▶ _DATA FOR ANALYSIS_
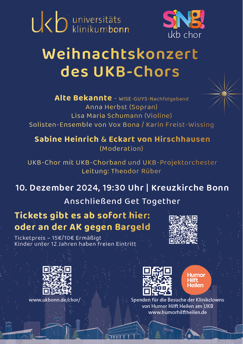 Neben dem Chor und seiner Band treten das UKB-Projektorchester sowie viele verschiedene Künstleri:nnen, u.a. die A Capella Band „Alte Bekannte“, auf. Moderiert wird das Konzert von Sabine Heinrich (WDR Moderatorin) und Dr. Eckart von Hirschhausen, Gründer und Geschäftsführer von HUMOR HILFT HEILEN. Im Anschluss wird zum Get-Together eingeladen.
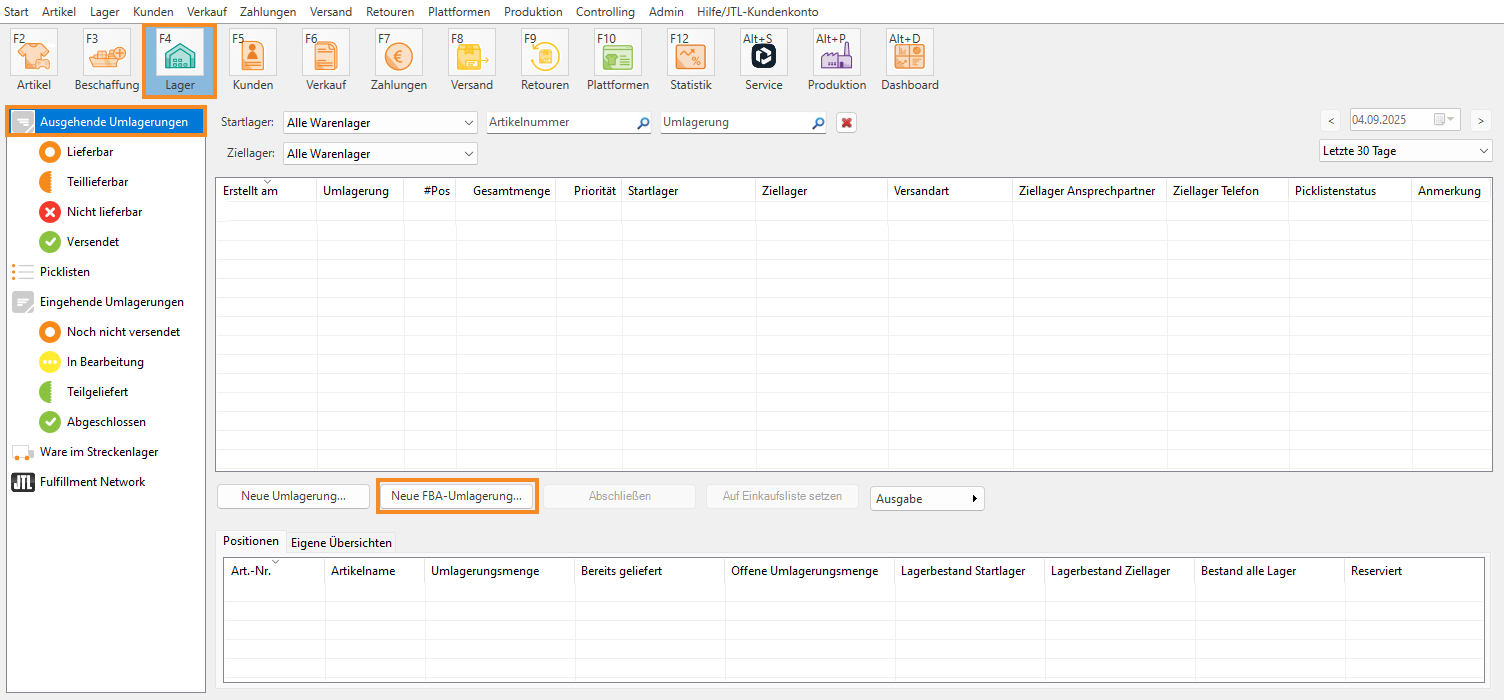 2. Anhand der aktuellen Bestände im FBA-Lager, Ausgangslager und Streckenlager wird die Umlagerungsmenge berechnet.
...
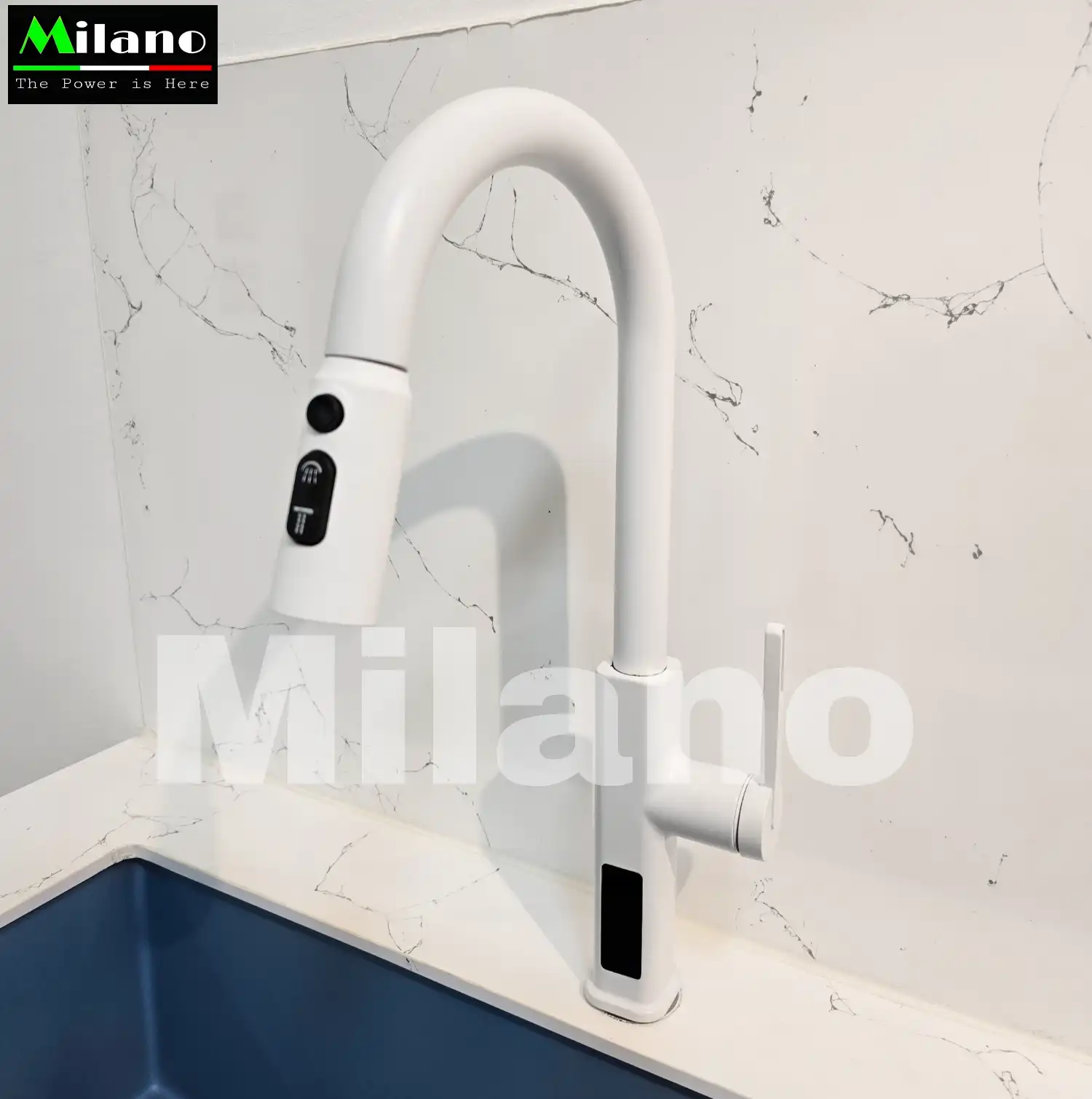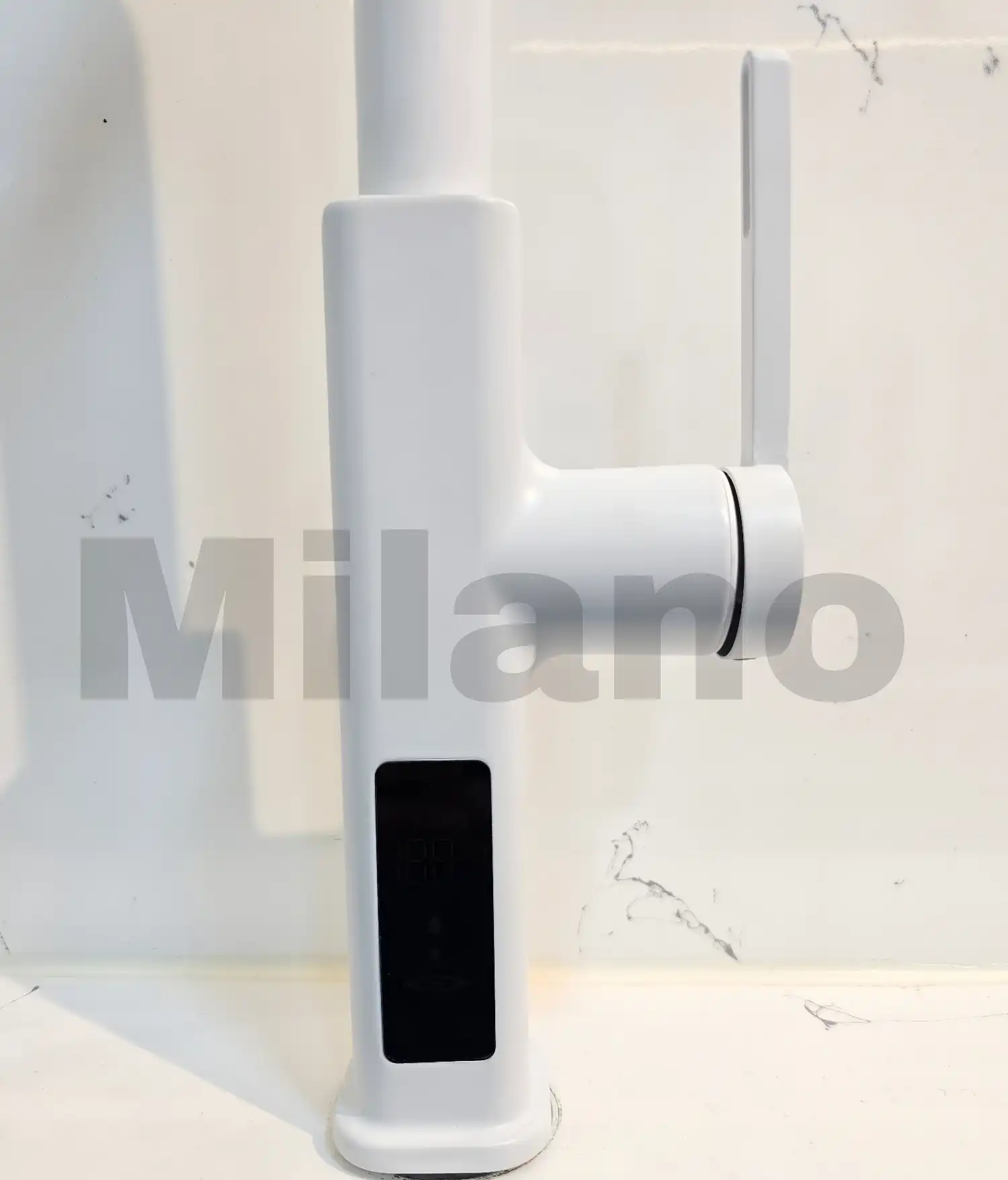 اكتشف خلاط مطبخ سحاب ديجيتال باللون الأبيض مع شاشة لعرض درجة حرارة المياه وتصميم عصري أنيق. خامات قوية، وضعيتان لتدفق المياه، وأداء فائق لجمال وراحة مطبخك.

▶ _ABOUT THIS EXERCISE_
Above are the records; please give again, exactly and in full, only the lines that run from the line with "Neben dem Chor" through the line with "2. Anhand der", with no pictures.

▶ _TASK RESPONSE_
 Neben dem Chor und seiner Band treten das UKB-Projektorchester sowie viele verschiedene Künstleri:nnen, u.a. die A Capella Band „Alte Bekannte“, auf. Moderiert wird das Konzert von Sabine Heinrich (WDR Moderatorin) und Dr. Eckart von Hirschhausen, Gründer und Geschäftsführer von HUMOR HILFT HEILEN. Im Anschluss wird zum Get-Together eingeladen.
 2. Anhand der aktuellen Bestände im FBA-Lager, Ausgangslager und Streckenlager wird die Umlagerungsmenge berechnet.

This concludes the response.